DATA IN THIS EXERCISE:
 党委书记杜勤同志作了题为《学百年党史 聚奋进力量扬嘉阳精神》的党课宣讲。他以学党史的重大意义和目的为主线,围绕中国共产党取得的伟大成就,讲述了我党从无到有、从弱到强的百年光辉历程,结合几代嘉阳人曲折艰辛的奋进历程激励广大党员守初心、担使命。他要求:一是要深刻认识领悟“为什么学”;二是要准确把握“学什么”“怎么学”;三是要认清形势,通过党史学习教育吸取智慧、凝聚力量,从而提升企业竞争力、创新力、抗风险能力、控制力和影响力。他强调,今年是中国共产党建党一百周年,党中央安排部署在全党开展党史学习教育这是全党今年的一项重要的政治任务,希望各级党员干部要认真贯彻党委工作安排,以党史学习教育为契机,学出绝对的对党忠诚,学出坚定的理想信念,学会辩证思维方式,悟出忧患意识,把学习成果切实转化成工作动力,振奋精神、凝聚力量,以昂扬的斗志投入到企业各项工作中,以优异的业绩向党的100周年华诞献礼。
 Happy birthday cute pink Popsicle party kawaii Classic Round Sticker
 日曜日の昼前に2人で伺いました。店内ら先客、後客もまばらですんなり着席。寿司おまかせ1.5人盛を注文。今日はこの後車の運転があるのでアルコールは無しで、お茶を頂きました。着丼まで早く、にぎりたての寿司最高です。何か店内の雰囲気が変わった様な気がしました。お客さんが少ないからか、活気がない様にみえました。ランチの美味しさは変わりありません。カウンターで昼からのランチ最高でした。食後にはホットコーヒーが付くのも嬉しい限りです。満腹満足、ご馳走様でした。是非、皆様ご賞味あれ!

---

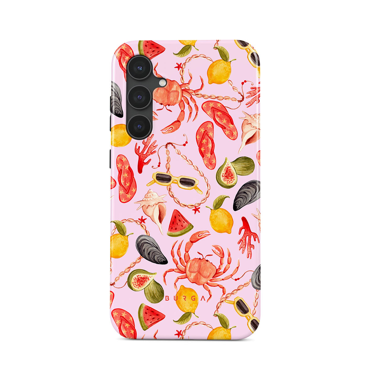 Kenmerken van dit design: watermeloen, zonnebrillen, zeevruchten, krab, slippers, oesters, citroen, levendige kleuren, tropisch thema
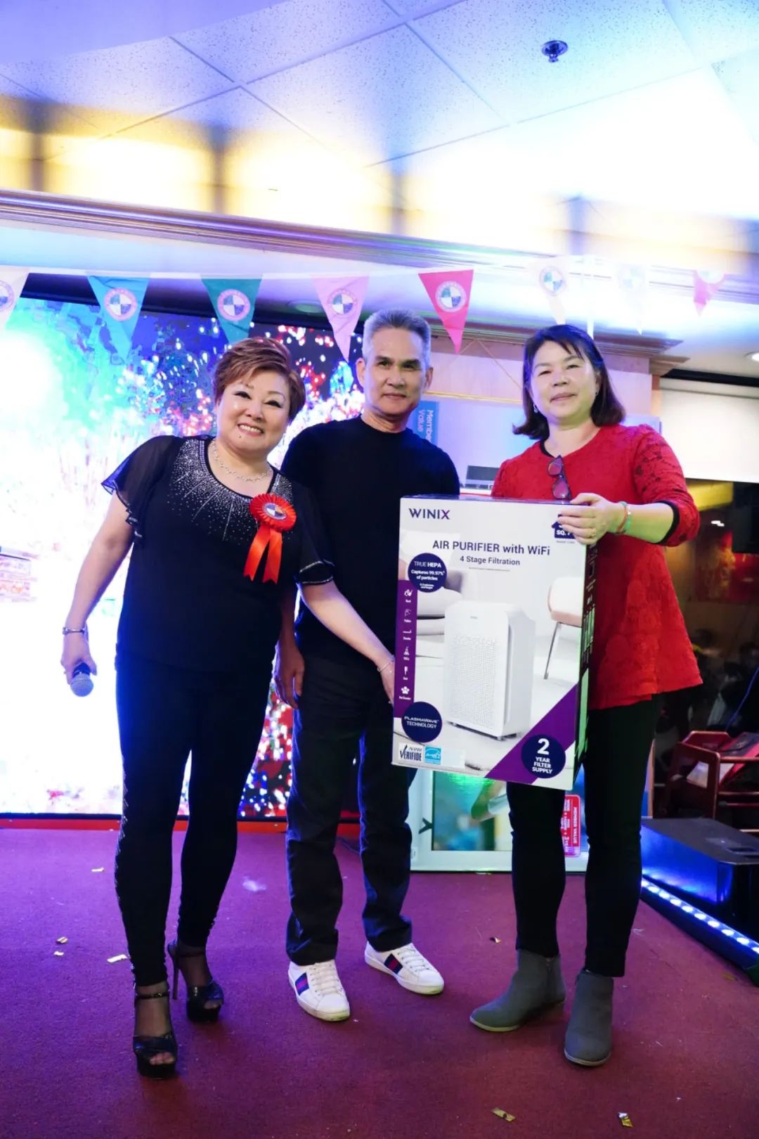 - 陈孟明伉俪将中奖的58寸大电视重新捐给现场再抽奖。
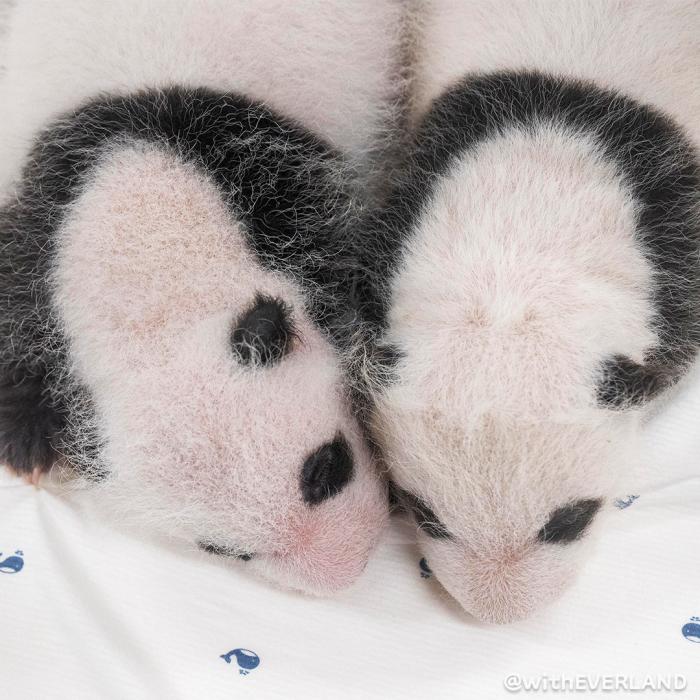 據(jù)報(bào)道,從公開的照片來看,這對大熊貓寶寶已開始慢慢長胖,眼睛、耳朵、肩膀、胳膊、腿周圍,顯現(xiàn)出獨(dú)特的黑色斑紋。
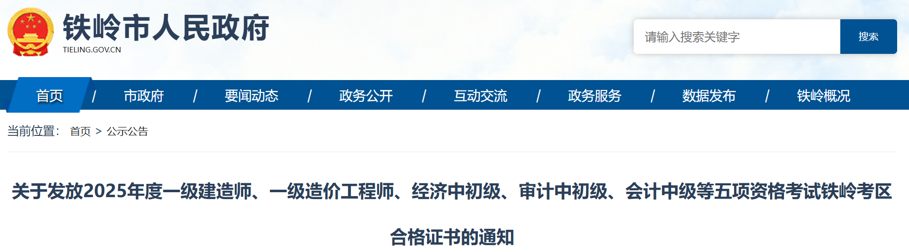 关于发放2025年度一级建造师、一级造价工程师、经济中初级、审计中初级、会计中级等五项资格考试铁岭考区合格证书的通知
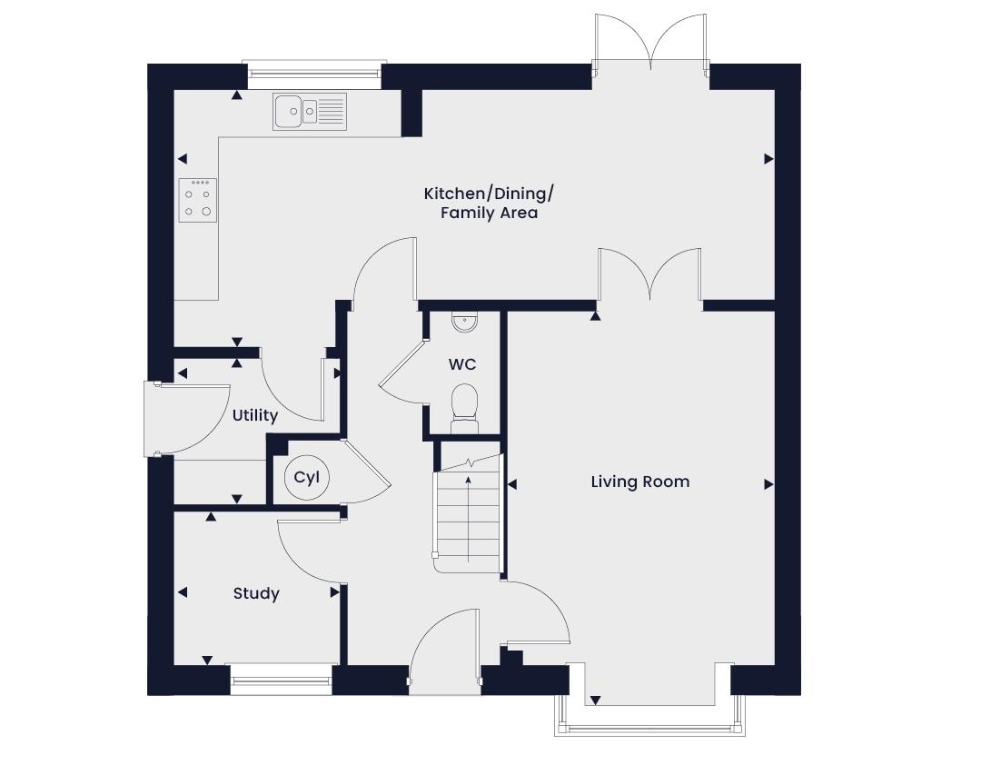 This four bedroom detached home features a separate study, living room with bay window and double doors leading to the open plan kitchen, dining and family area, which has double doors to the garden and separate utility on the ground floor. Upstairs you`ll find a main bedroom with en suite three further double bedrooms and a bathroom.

* * *

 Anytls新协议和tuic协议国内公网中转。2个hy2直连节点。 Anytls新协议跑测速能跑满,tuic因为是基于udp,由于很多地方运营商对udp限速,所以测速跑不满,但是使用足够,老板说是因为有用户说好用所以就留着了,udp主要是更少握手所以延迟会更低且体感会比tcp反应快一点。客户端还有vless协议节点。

EXERCISE: When you reach the line holding "党委书记杜勤同志作了题为《学" in the records above, begin reproducing exactly, stop after the line holding "Happy birthday cute", and output nothing else.

TASK OUTPUT:
 党委书记杜勤同志作了题为《学百年党史 聚奋进力量扬嘉阳精神》的党课宣讲。他以学党史的重大意义和目的为主线,围绕中国共产党取得的伟大成就,讲述了我党从无到有、从弱到强的百年光辉历程,结合几代嘉阳人曲折艰辛的奋进历程激励广大党员守初心、担使命。他要求:一是要深刻认识领悟“为什么学”;二是要准确把握“学什么”“怎么学”;三是要认清形势,通过党史学习教育吸取智慧、凝聚力量,从而提升企业竞争力、创新力、抗风险能力、控制力和影响力。他强调,今年是中国共产党建党一百周年,党中央安排部署在全党开展党史学习教育这是全党今年的一项重要的政治任务,希望各级党员干部要认真贯彻党委工作安排,以党史学习教育为契机,学出绝对的对党忠诚,学出坚定的理想信念,学会辩证思维方式,悟出忧患意识,把学习成果切实转化成工作动力,振奋精神、凝聚力量,以昂扬的斗志投入到企业各项工作中,以优异的业绩向党的100周年华诞献礼。
 Happy birthday cute pink Popsicle party kawaii Classic Round Sticker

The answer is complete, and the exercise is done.